● EXERCISE
Could you repeat exactly the lines from the one containing "The research proposes" through the last line of the records, with no pictures?

● INFORMATION SUPPLIED

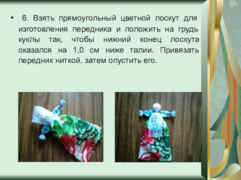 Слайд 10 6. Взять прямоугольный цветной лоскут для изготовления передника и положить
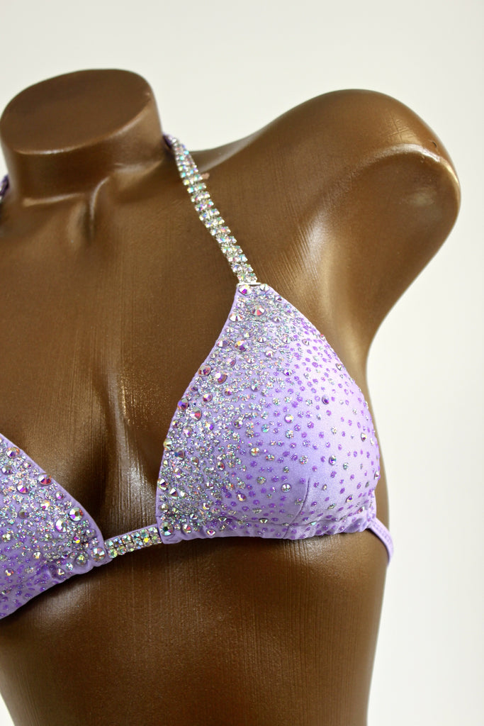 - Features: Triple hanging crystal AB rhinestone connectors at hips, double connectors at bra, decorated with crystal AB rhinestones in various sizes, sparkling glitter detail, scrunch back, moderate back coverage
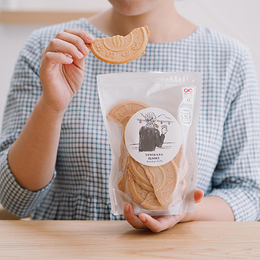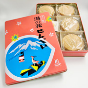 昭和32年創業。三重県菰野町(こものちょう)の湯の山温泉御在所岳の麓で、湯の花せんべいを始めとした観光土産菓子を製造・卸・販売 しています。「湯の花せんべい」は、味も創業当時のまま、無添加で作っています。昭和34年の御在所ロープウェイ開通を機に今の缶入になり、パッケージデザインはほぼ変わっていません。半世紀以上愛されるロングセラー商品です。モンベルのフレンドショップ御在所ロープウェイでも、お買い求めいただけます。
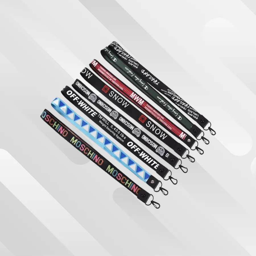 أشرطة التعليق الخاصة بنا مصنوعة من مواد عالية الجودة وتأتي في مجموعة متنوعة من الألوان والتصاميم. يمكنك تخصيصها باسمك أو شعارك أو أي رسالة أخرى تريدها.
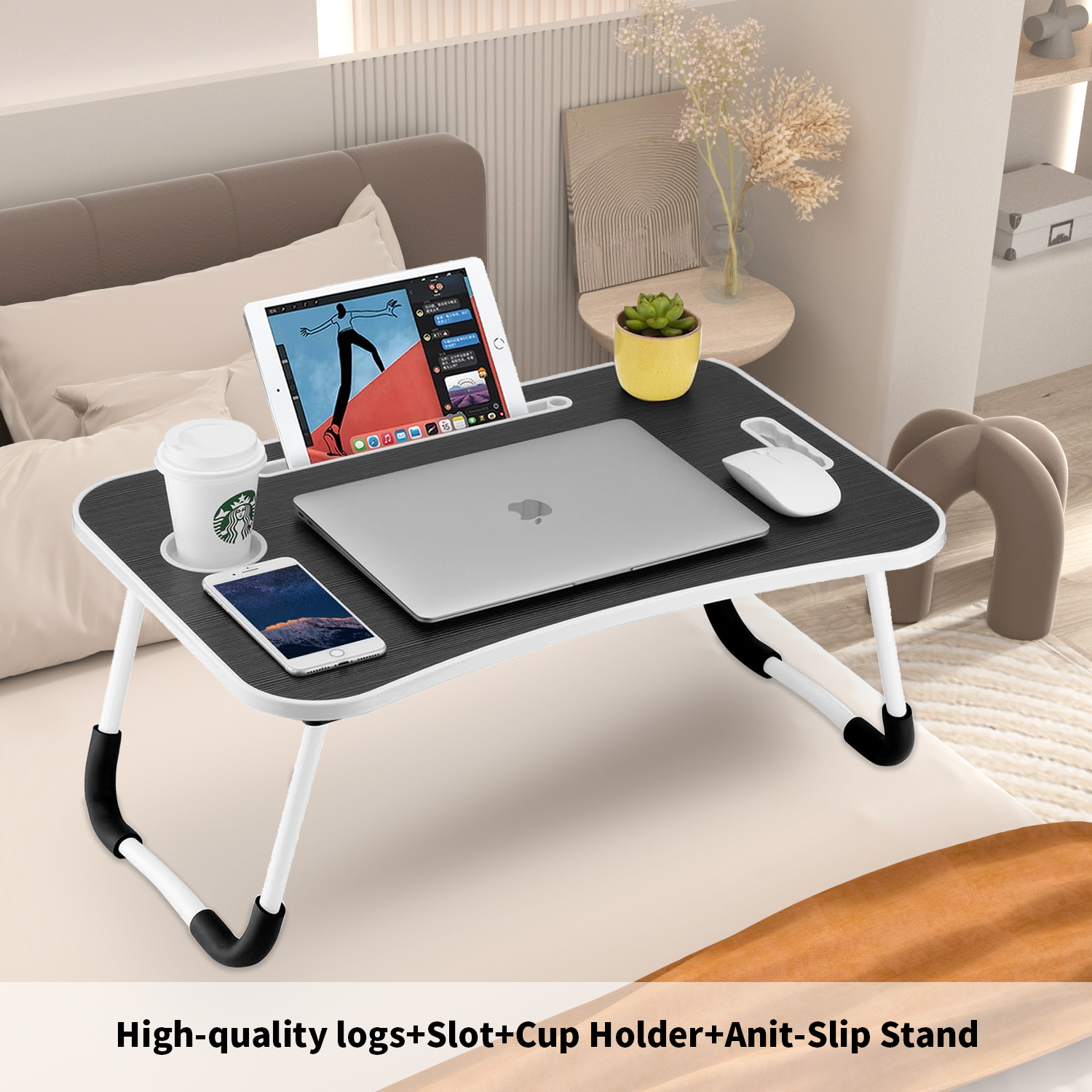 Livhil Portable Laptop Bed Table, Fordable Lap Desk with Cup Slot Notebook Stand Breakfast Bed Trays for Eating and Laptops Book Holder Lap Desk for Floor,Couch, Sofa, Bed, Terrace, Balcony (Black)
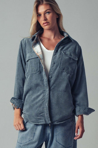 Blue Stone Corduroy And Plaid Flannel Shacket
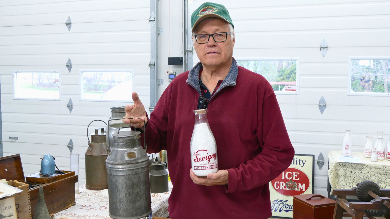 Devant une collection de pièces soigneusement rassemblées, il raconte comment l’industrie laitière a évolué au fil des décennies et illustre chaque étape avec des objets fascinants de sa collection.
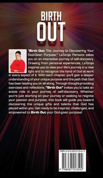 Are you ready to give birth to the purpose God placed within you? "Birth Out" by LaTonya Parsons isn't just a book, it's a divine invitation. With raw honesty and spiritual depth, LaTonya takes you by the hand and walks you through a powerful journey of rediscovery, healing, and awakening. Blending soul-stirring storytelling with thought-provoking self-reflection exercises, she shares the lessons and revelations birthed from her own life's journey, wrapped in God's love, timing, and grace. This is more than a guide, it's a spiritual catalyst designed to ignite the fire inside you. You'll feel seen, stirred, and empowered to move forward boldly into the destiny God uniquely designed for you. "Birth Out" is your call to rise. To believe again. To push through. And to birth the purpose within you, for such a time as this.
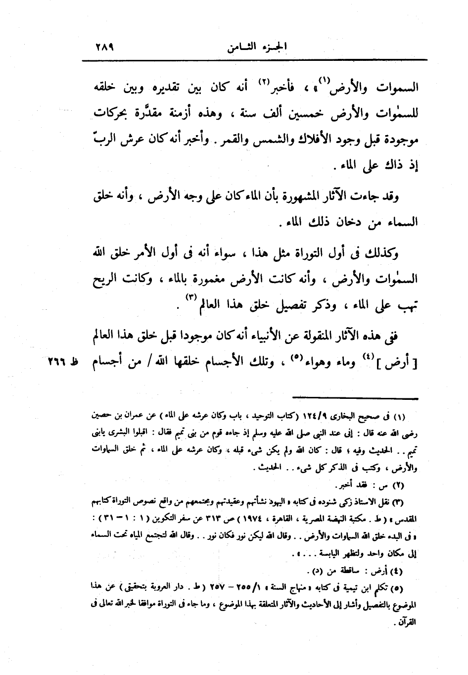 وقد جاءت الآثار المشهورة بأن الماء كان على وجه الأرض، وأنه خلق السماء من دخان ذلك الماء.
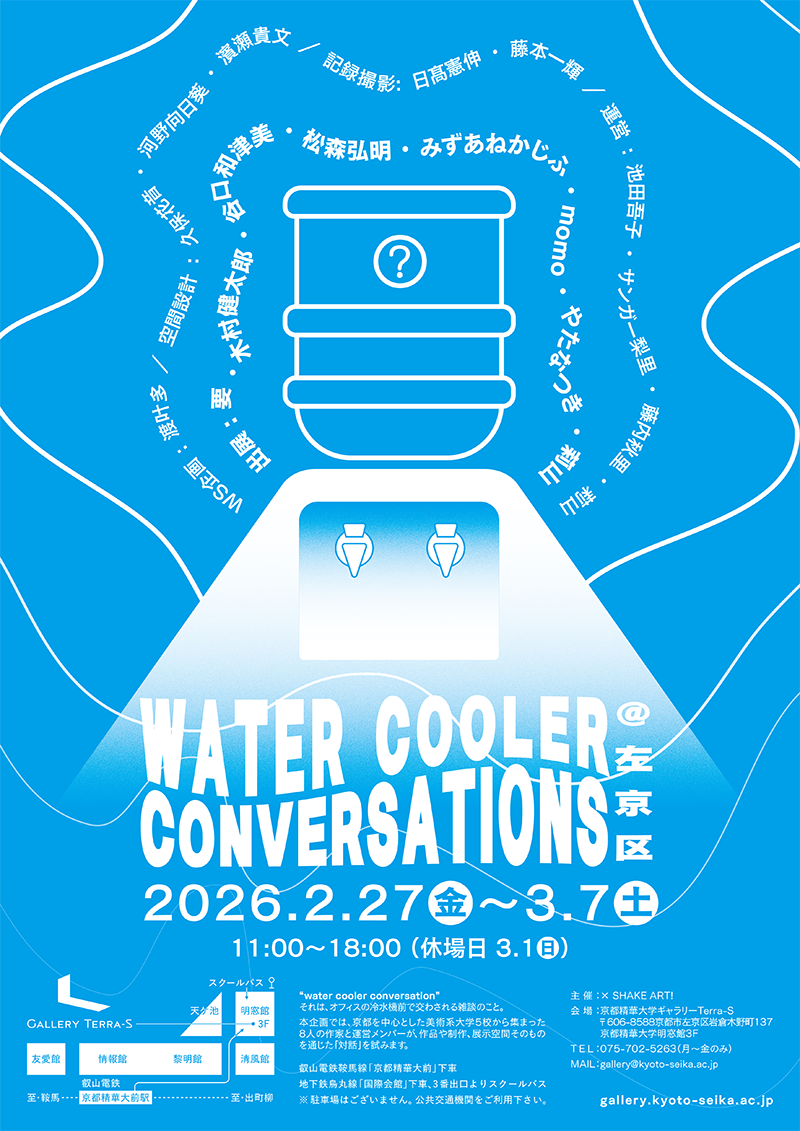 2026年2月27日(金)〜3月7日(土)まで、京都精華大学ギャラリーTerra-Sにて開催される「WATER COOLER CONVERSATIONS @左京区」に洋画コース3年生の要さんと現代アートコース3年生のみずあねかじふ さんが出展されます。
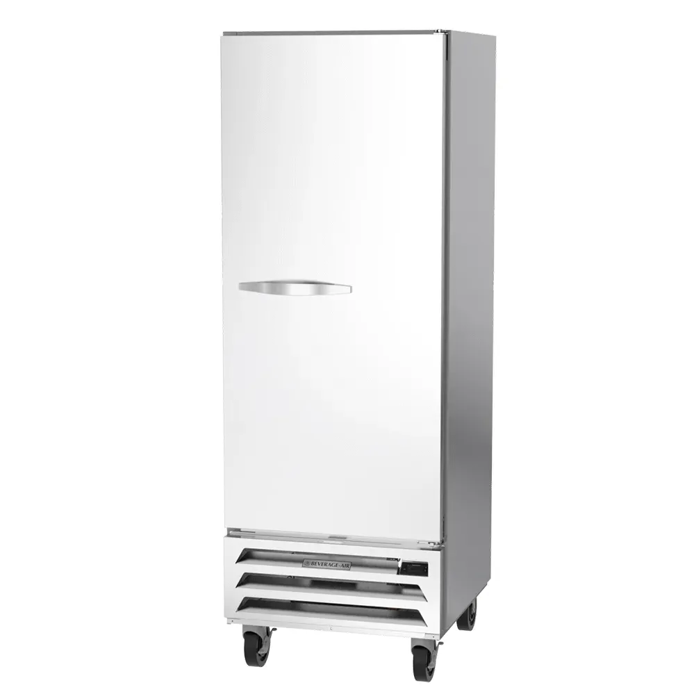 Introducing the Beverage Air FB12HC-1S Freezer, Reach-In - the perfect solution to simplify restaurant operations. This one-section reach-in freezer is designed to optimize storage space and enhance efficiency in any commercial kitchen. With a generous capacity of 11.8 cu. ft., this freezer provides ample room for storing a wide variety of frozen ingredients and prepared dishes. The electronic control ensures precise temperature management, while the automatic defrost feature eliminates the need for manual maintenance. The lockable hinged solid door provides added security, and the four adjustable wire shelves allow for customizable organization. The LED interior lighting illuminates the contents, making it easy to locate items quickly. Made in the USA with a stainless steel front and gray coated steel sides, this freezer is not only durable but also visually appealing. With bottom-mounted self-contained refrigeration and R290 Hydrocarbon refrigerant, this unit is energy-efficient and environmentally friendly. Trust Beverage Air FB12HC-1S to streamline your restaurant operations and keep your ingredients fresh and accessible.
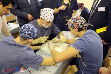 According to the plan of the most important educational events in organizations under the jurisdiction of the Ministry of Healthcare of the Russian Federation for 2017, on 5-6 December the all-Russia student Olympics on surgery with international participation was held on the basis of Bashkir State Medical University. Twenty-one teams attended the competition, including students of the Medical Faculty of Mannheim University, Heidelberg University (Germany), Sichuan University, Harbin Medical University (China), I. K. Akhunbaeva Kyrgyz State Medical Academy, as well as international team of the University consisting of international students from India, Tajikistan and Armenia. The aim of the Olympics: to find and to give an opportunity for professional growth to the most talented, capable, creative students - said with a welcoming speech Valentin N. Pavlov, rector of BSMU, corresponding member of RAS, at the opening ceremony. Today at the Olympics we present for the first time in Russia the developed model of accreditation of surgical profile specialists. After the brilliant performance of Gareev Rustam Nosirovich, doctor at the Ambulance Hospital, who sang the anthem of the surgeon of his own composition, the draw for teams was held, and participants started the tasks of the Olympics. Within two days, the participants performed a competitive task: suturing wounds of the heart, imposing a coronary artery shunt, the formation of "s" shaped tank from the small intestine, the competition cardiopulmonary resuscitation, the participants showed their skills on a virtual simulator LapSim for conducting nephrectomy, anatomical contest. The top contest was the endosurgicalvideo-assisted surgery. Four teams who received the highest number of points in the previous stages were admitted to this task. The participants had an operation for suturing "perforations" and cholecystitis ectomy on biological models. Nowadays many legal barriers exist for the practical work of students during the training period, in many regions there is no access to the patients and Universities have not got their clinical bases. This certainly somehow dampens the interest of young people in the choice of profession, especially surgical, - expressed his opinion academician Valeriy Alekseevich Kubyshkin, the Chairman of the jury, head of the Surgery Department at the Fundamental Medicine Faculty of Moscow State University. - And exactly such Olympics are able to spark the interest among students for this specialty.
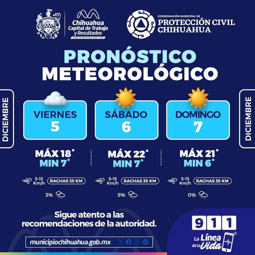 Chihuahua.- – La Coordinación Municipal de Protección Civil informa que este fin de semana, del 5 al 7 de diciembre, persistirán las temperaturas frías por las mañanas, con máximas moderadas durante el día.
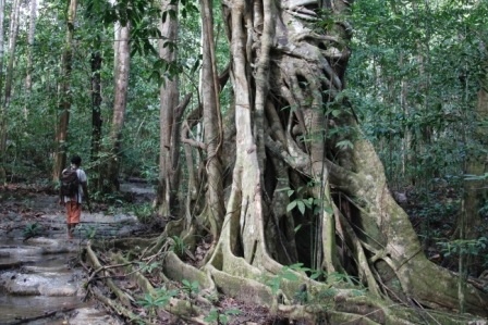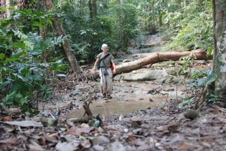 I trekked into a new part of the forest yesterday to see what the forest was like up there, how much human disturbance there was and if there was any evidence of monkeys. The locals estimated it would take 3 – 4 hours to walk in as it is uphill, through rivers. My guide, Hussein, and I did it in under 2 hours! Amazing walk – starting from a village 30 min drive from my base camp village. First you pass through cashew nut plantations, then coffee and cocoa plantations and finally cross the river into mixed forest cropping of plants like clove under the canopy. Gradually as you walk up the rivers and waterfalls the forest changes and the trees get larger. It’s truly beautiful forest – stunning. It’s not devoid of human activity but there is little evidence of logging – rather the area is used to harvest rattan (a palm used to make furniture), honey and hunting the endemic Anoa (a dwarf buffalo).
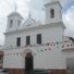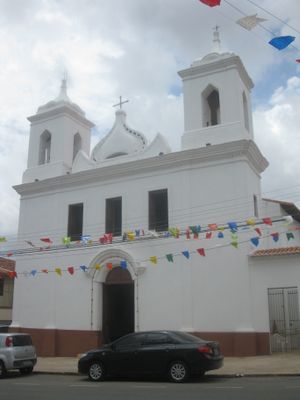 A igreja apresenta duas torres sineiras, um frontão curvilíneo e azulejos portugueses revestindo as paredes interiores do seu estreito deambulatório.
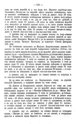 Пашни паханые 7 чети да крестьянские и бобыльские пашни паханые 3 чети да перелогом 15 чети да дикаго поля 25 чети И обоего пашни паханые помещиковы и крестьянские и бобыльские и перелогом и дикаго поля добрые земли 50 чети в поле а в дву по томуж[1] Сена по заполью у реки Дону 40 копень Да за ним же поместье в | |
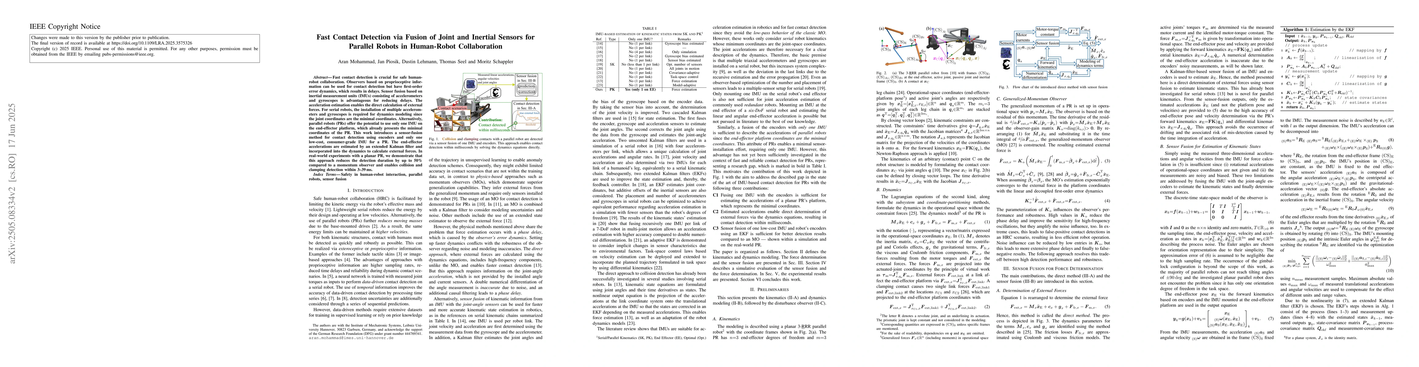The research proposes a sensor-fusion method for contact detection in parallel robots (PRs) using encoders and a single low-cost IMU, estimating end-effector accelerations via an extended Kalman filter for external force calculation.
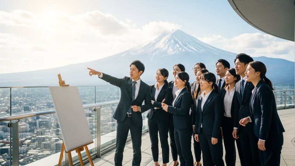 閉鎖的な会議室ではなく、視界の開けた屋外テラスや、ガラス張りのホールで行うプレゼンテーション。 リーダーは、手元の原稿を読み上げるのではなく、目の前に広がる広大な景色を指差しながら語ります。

● EXERCISE ANSWER
The research proposes a sensor-fusion method for contact detection in parallel robots (PRs) using encoders and a single low-cost IMU, estimating end-effector accelerations via an extended Kalman filter for external force calculation.
 閉鎖的な会議室ではなく、視界の開けた屋外テラスや、ガラス張りのホールで行うプレゼンテーション。 リーダーは、手元の原稿を読み上げるのではなく、目の前に広がる広大な景色を指差しながら語ります。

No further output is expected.